I just don't see the benefit of complaining about how its an "antipattern".
Unfortunately yes. It was 9350 lines of string concatenation that called sp_executesql at the end (T-SQL/SQL2005). I had to remove all the injection attacks...
My main experience with Hibernate but I could give you a nice long list of examples. The big problem is that there is a pretense of transparency and simplicity when it doesn't actually exist.
For example, Hibernate tries to optimise how much it loads and saves. This means it doesn't load foreign keys automatically and it has its own logic for exactly when and how it flushes data.
If you are loading an object it will by default not load the collections of objects that are related to it - that will happen lazily when those properties are accessed. Sounds fine, right? Exactly what a good developer would do by default anyway. Until you pass one of those objects around to a naive code module that knows nothing of the database and it tries to access the property - which looks like a nice in-memory collection to them - and it now executes an expensive query on the database that you weren't expecting. In fact, the naive code module might get a whole list of these things to work with and it might sequentially query each one. The best case here is that it's thousands of times more expensive than it should be, but the worst case is far worse - the database transaction might have ended or have been rolled back (which generates a giant exception+stack trace), or the rows might have been locked (which might just make things slow but could result in deadlocks since this naive code doesn't know anything about the database).

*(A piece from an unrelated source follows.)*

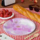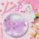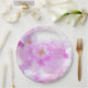 Placas de papel com uma bela fotografia com flores de cereja rosa. Imagem sonhadora com luzes e brilhos.

The way I see it in the end is that ORMs try to hide some of the most important parts of your software design from plain sight. You feel like they are hiding trivial stuff that is boring and you don't want to waste time on. But in the end that stuff is absolutely critical to your design and some of the most core stuff you should be thinking about. Having it all hidden away makes you not think about it at all until its too late and you've built a whole giant application on shaky ground.
After being through this enough times I am now expert enough to confidently build applications using Hibernate and save time over plain SQL. But the body of knowledge I had to accumulate just about Hibernate is equal to all the knowledge I ever had to learn about plain old relational databases. These days, if I start a new project using an ORM I try to minimize its use down to just being a convenient utility for loading rows and map them into an object's properties.
The one thing I will say in their defense is that when time is your most critical factor - eg: you're a startup with 3 months of runway and your end product is going to be mainly demo ware to get your next round of funding - an ORM like ActiveRecord, etc. is absolutely the right thing.
It's mainly due to the fact that MORE abstraction means MORE complexity. I currently have to deal with an NHibernate mess of over 1000 domain objects (!) at the moment and it's an absolute nightmare on the performance and maintainability front.
To be fair, 1,000 (or however many you need) stored procedures probably wouldn't be all that much better. I've seen systems taking both approaches and I've seen both go right and wrong. It has more to do with the team than the technology, I think.
It's not worthwhile if you don't understand what the function of the ORM code is. ORM might be an abstraction, but it doesn't mean it doesn't take some elbow grease to learn. Like anything worthwhile, once you get over the learning curve hump, it becomes a tool that you enjoy using precisely because you understand it.
Even when you have to sometimes write SQL inside your ORM!
When ORM starts to get in the way like that it really makes you wonder whether it's worthwhile.